Data gaps and potential off-ramps
On the other hand, there were 54 participants of the 308 (17.5 percent) that didn’t regain a significant amount of weight (less than 25 percent.) This group saw some of their health metrics worsen on withdrawal of the drug, but not all— blood pressure increased a bit, but cholesterol didn’t go up significantly overall. About a dozen participants (4 percent of the 308) continued to lose weight after stopping the drug.
The researchers couldn’t figure out why these 54 participants fared so well; there were “no apparent differences” in demographic or clinical characteristics, they reported. It’s clear the topic requires further study.
But, overall, the study offers a gloomy outlook for patients hoping to avoid needing to take anti-obesity drugs for the foreseeable future.
Oczypok and Anderson highlight that the study involved an abrupt withdrawal from the drug. In contrast, many patients may be interested in slowly weaning off the drugs, stepping down dosage levels over time. So far, data on this strategy and the protocols to pull it off have little data behind them. It also might not be an option for patients who abruptly lose access or insurance coverage of the drugs. Other strategies for weaning off the drugs could involve ramping up physical activity or calorie restriction in anticipation of dropping the drugs, the experts note.

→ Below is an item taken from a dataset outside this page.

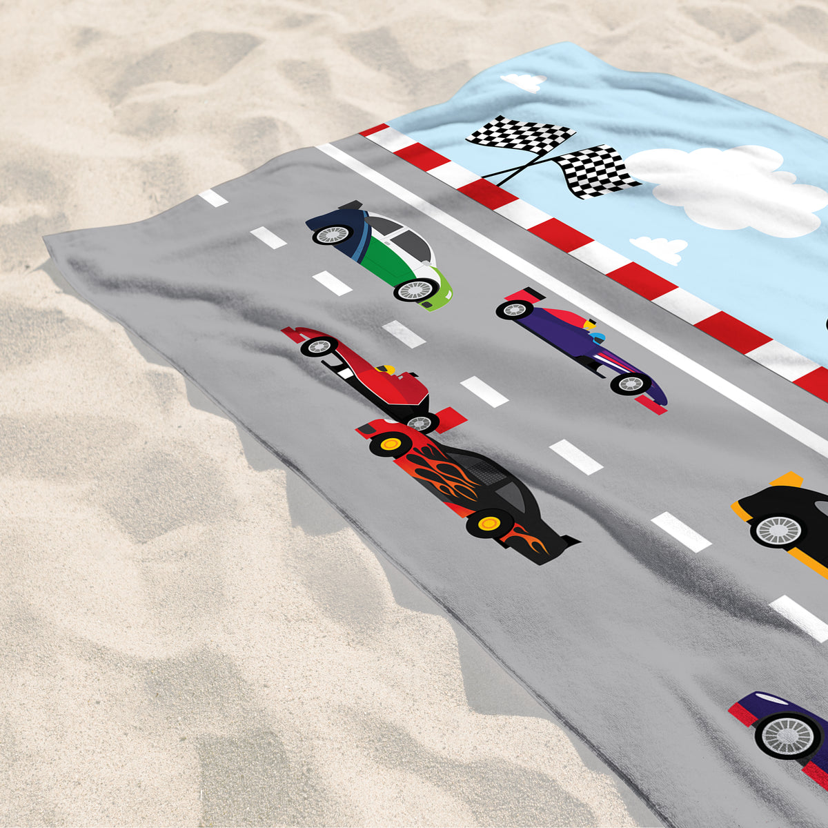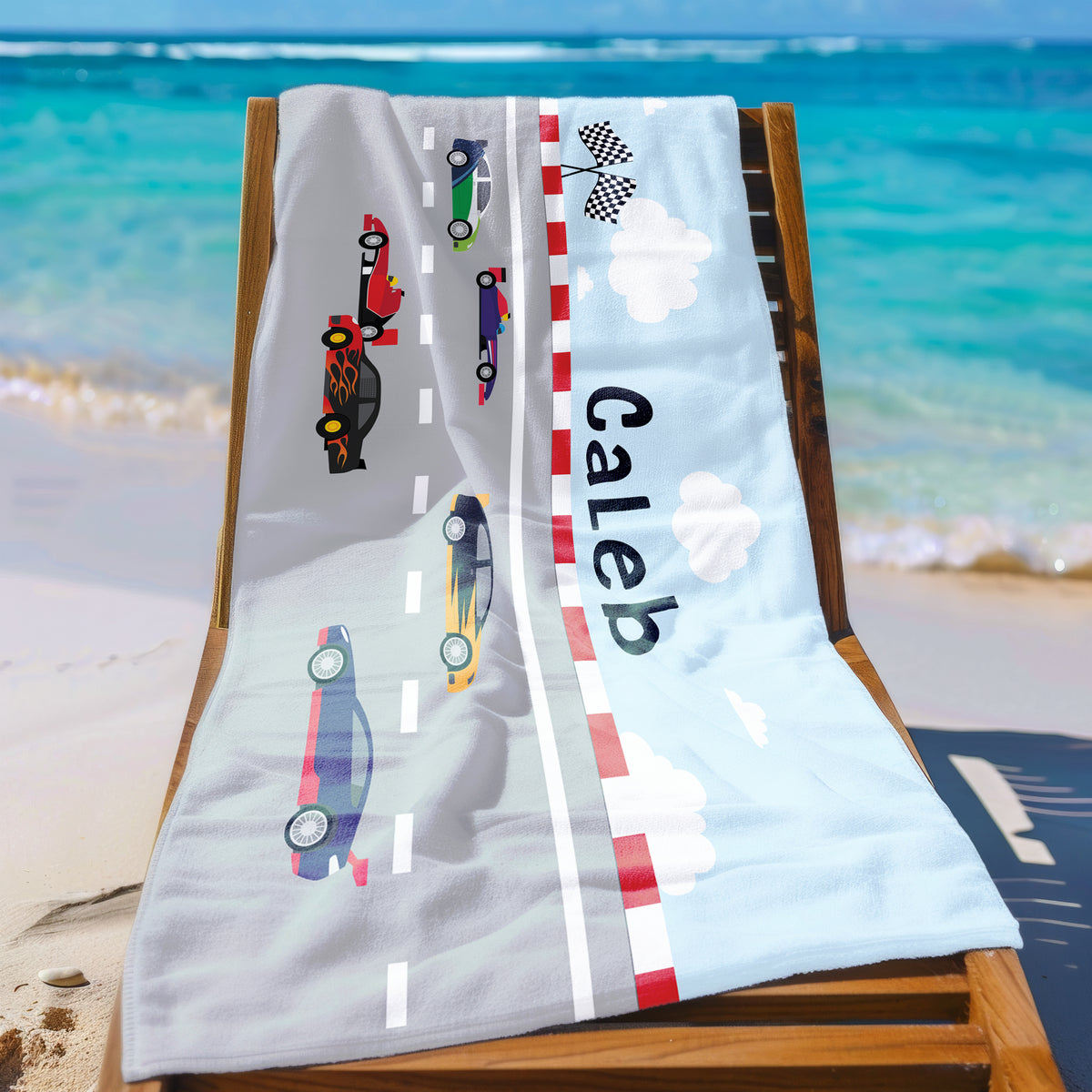 Race Cars Personalized Beach Towel • Custom 30x60 Swimming Swim Bath Bathroom Pool
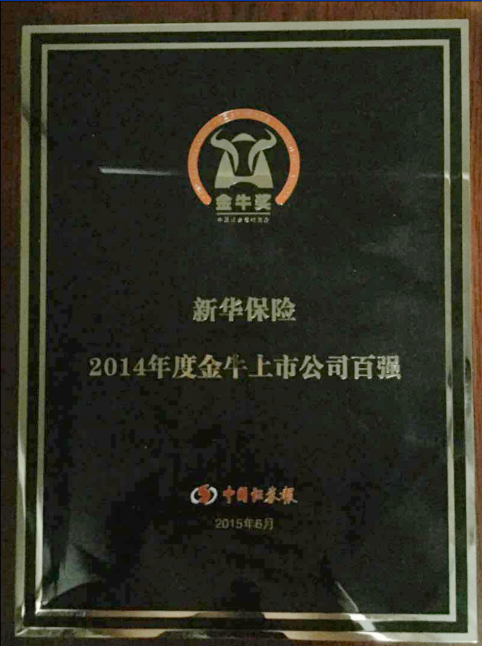 ?2015年6月,中國證券報(bào)第17屆(2014年度)上市公司金牛獎隆重揭曉,新華保險(xiǎn)榮獲“金牛上市公司百強(qiáng)”獎項(xiàng),這代表了資本市場以及社會各界對新華保險(xiǎn)在公司治理、信息披露、投資者關(guān)系等方面工作的高度認(rèn)可。

In addition to more data on potential GLP-1 off-ramps, the pair calls for more data on the effects of weight fluctuations from people going on and off the treatment. At least one study has found that the regained weight after intentional weight loss may end up being proportionally higher in fat mass, which could be harmful.
For now, Oczypok and Anderson say doctors should be cautious about talking with patients about these drugs and what the future could hold. “These results add to the body of evidence that clinicians and patients should approach starting [anti-obesity medications] as long-term therapies, just as they would medications for other chronic diseases.”